After decades of research, scientists think they finally know what turns prions – healthy proteins inside our brains – into the infectious, virus-like pathogens that cause ‘mad cow’ disease, and have also been linked to Alzheimer’s and Parkinson’s.
It turns out, copper ions might be part of the problem.
If you haven’t heard of prions before, be prepared to have your mind exploded by how creepy they are.
Although they start out as harmless brain proteins, when prions become misfolded, they turn into contagious pathogens that recruit any other prions they come into contact with, grouping together in clumps that damage other cells and eventually cause the brain itself to break down.
If that’s not bad enough, mutated prions can’t easily be killed by heat or radiation, meaning once they’ve come into contact with something like surgical tools, they can potentially spread to other patients.
Prion-related diseases – collectively known as transmissible spongiform encephalopathies (TSE) – are fatal and untreatable, and since their discovery in the mid-80s, scientists haven’t made much headway when it comes to figuring out how prions turn against us, or how to stop them.
But now researchers from Iowa State University have shown for the first time how, on the molecular level, copper ions cause prions to misfold, and then spread that mutation to other prions.
To be clear, they haven’t linked those copper ions to prion-related diseases just yet – only the misfolding in the first place.
But that’s a huge deal because, technically speaking, proteins shouldn’t be able to infect other proteins – they’re not alive, after all – and scientists have never really been able to explain the behaviour of prions – hence their reputation as the weirdest molecules ever.
The link between prions and copper was first noticed back in 2009, and now the Iowa State team has shown in molecular detail exactly how the two interact.
Using a super-powerful imaging technique, the researchers were able to show that misfolding begins when copper ions bind to the tail of the prion protein – and these copper ions can seed misfolding in nearby prions.
They then found that misfolded prions stick together nearly 900 times more efficiently than healthy ones.
In mice, the team also showed that these copper-induced changes were associated with inflammation and damage to nerve cells in the brain, but lead researcher Sanjeevi Sivasankar cautioned that they haven’t yet investigated how infectious prion diseases spread.
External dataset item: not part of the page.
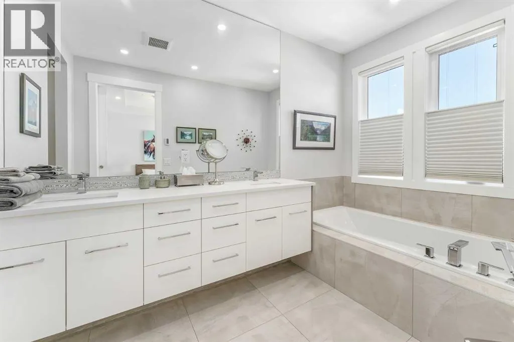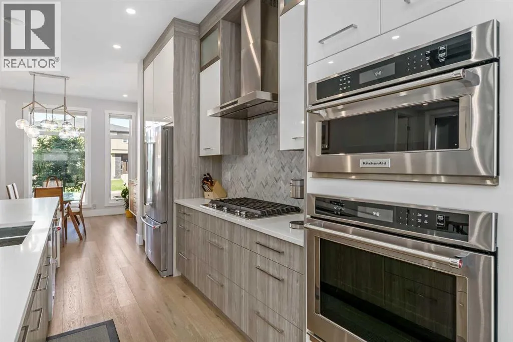 precise millwork, and a floor plan that moves effortlessly from everyday living to elegant entertaining. At the front, a formal dining room sets the tone, three large picture windows, a statement light fixture and room for those long, lively dinners. The heart of the home is an oversized chef’s kitchen that’s both beautiful and hard-working: white and warm wood-grain cabinetry to the bulkhead, gleaming waterfall quartz counters, built-in wall oven, a gas cooktop beneath a sleek stand-alone hood fan, and a Carrara marble herringbone backsplash that wraps the hood for a bespoke, designer finish. The generous island invites coffee catch-ups and weekend prep, while the full upgraded stainless appliance package delivers performance worthy of the space. Anchored by a tiled gas fireplace with custom open shelving, the living room is scaled for comfort and conversation. It flows naturally to the backyard for easy summer living, with over $40k in low maintenance landscaping with concrete walkways, a large patio, and BBQ gas hookup so hosting is as simple as turning a knob. Upstairs, the private retreat continues the theme of understated luxury. The primary suite features a tray ceiling, upgraded blinds, and a walk-in closet fit with custom built-ins. The spa-calibre 5-piece ensuite pampers with a freestanding soaker tub, an oversized glass shower, 24″×24″ tile, in-floor heat, and a steam rough-in already planned into the layout. Two additional bedroom suites are thoughtfully finished—each with true walk-in closets and custom storage (one with a stylish wallpaper feature wall). A proper laundry room, complete with cabinetry, folding counter, and sink—keeps the day-to-day running smoothly. The fully finished basement is made for movie nights and game days. A large rec/media area includes a custom wet bar with sink, wood-grain and white cabinetry, marble tile backsplash, and a wine fridge,an entertainer’s ally. Berber carpet adds warmth underfoot, while in-floor heating keeps the entire level comfortable year-round. A sleek 3-piece bathroom with a floating vanity serves guests with style. And because true quality goes beyond finishes, this level was engineered with approximately six inches of insulation beneath the slab for superior efficiency and comfort. Set on a quiet inner-city street in the heart of Killarney—close to parks, schools, transit, and the best of local cafés and amenities—this home delivers the rare combination of design, durability, and day-to-day livability. If you value details you can feel as much as finishes you can see, you’ll know…this is the one. (id:62650)

“There are different strains of misfolded prion proteins and not all of them are pathogenic,” said Sivasankar. “Although we do not show that the strains generated in our experiments are infectious, we do prove that copper ions trigger misfolding of prion proteins which causes toxicity in nerve cells.”
The next step of their research will look into whether it’s the copper-induced misfolding that is also causing diseases such as kuru and Cruetzfeldt-Jakob – or ‘mad cow’ disease – which could take us one step closer to working out how to stop them.
Prion-like behaviour has also been linked to Alzheimer’s and Parkinson’s disease, which are thought to be caused, in part at least, by amyloid beta proteins misforming and clumping together in the brain.
There’s now also mounting evidence that Alzheimer’s could be transmitted via surgical procedures, which makes it even more similar to a prion disease than previously thought.
“This study has major implications to our understanding the role of metals in protein misfolding diseases including prion, Alzheimer’s and Parkinson’s diseases,” said one of the team, Anumantha Kanthasamy.